The conversion from Spark 0.9.1 to Spark 1.0.0 was a bit annoying, as many changes had happened.
Here are a list of changes that I thought were worth mentioning. Hope what I say here can help others.
1) Running examples differences
In Spark 0.9.1, you would run one of the Spark examples (such as SparkPi) like this:
> bin/run-example org.apache.spark.examples.SparkPi spark://SPARKMASTER:7077
In Spark 1.0.0, running examples through run-example requires the Spark master to be specified through the MASTER environment variable and not on the command line. So for Spark 1.0.0, you'll want to do something like this instead:
otherwise you'll get a bad input error/exception.
> export MASTER="spark://SPARKMASTER:7077"
> bin/run-example org.apache.spark.examples.SparkPi
If you don't set the MASTER environment variable, run-example will assume you want to run the example locally.
Note that setting the MASTER environment variable is specific to the run-example script. It won't pick up the default value from the new spark-defaults.conf file.
2) spark-submit script
The spark-submit is a new wrapper script for submitting Spark jobs. Although you can still use spark-class directly, this is the primary job submission script. It has the following usage:
> bin/spark-submit --class JOBCLASSTORUN [spark-submit options] APPLICATIONJAR [application args]
Note that the job jar is now passed in on the command line, unlike before with spark-class.
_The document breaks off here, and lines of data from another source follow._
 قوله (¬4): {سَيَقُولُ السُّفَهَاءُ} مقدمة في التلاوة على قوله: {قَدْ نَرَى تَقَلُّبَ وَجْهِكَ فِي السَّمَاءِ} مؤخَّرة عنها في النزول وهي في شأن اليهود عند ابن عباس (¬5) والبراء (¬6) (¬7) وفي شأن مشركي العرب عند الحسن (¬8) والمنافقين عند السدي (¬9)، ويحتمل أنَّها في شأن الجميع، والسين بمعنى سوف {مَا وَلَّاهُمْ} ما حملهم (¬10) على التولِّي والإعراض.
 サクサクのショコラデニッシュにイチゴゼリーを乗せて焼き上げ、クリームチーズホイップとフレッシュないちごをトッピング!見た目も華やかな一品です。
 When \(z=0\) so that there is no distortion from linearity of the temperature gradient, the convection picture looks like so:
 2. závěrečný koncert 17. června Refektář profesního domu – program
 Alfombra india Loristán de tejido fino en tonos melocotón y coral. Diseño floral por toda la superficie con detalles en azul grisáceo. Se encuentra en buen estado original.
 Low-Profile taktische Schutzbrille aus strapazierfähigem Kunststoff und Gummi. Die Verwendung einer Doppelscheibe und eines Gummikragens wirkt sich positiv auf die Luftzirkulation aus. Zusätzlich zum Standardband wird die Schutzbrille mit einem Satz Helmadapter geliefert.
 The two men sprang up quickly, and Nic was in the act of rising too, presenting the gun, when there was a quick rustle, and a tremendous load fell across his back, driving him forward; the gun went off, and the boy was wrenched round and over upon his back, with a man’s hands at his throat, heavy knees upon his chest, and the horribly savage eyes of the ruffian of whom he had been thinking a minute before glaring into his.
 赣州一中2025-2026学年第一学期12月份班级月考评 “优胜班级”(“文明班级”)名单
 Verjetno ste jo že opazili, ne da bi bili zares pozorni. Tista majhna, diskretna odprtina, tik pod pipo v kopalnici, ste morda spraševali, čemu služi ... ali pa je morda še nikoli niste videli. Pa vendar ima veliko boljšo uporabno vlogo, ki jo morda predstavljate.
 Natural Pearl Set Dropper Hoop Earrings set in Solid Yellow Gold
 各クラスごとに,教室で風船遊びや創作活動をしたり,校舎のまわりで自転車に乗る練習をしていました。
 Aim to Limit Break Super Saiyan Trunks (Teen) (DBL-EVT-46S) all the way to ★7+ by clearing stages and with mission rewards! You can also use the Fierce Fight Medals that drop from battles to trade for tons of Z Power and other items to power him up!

There's all sorts of new options in spark-submit. Here are some options of note taken from the --help output:
--master MASTER_URL spark://host:port, mesos://host:port, yarn, or local. --class CLASS_NAME Your application's main class (for Java / Scala apps). --jars JARS Comma-separated list of local jars to include on the driver and executor classpaths. --properties-file FILE Path to a file from which to load extra properties. If not specified, this will look for conf/spark-defaults.conf. --driver-memory MEM Memory for driver (e.g. 1000M, 2G) (Default: 512M). --driver-java-options Extra Java options to pass to the driver. --driver-library-path Extra library path entries to pass to the driver. --driver-class-path Extra class path entries to pass to the driver. Note that jars added with --jars are automatically included in the classpath.
But you probably won't end up using these, you'll more likely use ...
Previously, options were configured through SPARK_JAVA_OPTS, but that is now deprecated. Everything should now be done through the spark-defaults.conf file. It is read and loaded from spark-submit when you submit a job. By default it is read in conf/spark-defaults.conf but that can be altered using the --properties-file option. In addition, settings through SPARK_CLASSPATH or SPARK_LIBRARY_PATH should now be set through spark-defaults.conf as well.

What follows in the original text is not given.